_Data extract_.
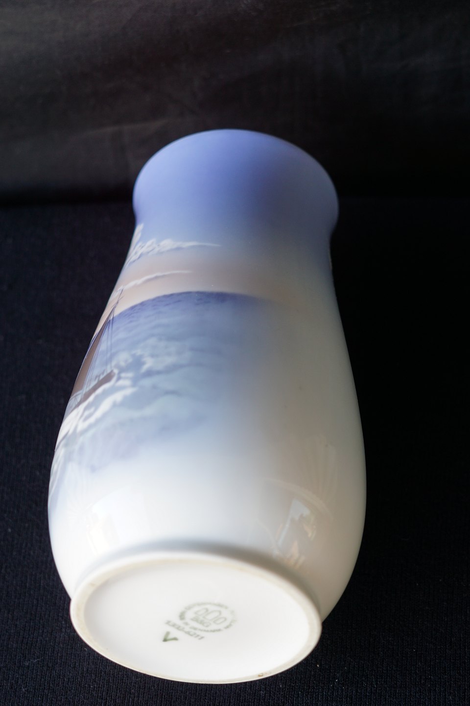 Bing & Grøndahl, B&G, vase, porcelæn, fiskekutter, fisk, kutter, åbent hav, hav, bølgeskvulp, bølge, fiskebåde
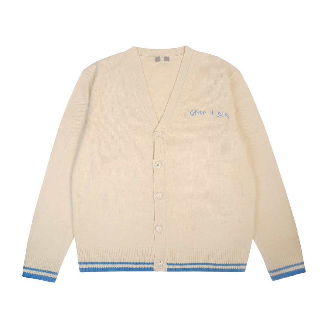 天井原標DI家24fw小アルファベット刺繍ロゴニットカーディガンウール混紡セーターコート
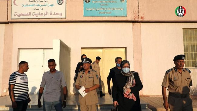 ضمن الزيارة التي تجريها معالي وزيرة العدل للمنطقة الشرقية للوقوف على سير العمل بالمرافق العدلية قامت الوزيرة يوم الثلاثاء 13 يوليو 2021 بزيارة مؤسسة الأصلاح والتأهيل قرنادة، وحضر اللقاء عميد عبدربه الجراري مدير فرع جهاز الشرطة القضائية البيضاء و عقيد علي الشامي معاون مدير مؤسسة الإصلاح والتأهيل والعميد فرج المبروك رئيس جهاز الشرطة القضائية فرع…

_About this exercise_. Reproduce the listing exactly, minus its pictures.

_Task response_.
 Bing & Grøndahl, B&G, vase, porcelæn, fiskekutter, fisk, kutter, åbent hav, hav, bølgeskvulp, bølge, fiskebåde
 天井原標DI家24fw小アルファベット刺繍ロゴニットカーディガンウール混紡セーターコート
 ضمن الزيارة التي تجريها معالي وزيرة العدل للمنطقة الشرقية للوقوف على سير العمل بالمرافق العدلية قامت الوزيرة يوم الثلاثاء 13 يوليو 2021 بزيارة مؤسسة الأصلاح والتأهيل قرنادة، وحضر اللقاء عميد عبدربه الجراري مدير فرع جهاز الشرطة القضائية البيضاء و عقيد علي الشامي معاون مدير مؤسسة الإصلاح والتأهيل والعميد فرج المبروك رئيس جهاز الشرطة القضائية فرع…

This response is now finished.